EpiBioS4Rx

The Epilepsy Bioinformatics Study for Antiepileptogenic Therapy (EpiBioS4R) Scientific Premise is: epileptogenesis after traumatic brain injury (TBI) can be prevented with specific treatments; the identification of relevant biomarkers and performance of rigorous preclinical trials will permit the future design and performance of economically feasible full-scale clinical trials of antiepileptogenic therapies.

The Duncan Lab is specifically contributing to the EpiBioS4Rx Consortium by identifying multimodal biomarkers of epileptogenesis.
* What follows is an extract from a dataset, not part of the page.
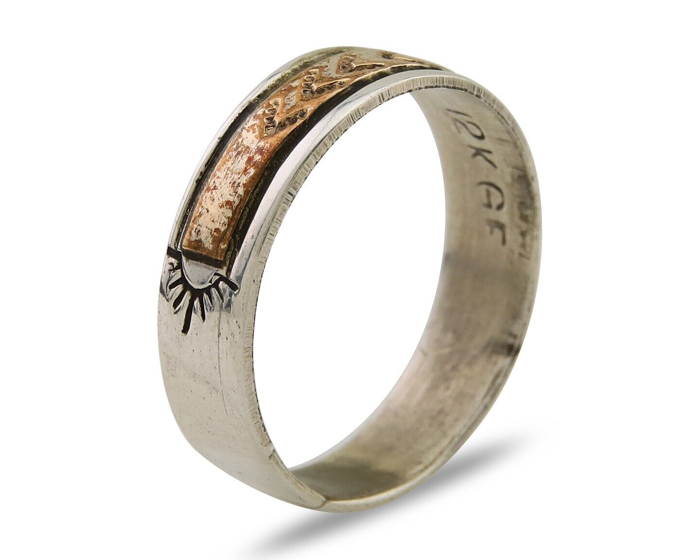 Navajo Handmade Ring 925 Silver & Gold Artist Signed E C.80's

We apply data science, mathematics, and machine learning to glean insight into what factors may induce the development of seizures after brain injury so we can ultimately predict which patients will develop epilepsy. Our work centers around biomarker identification in scalp and depth electrophysiology and multimodal imaging data.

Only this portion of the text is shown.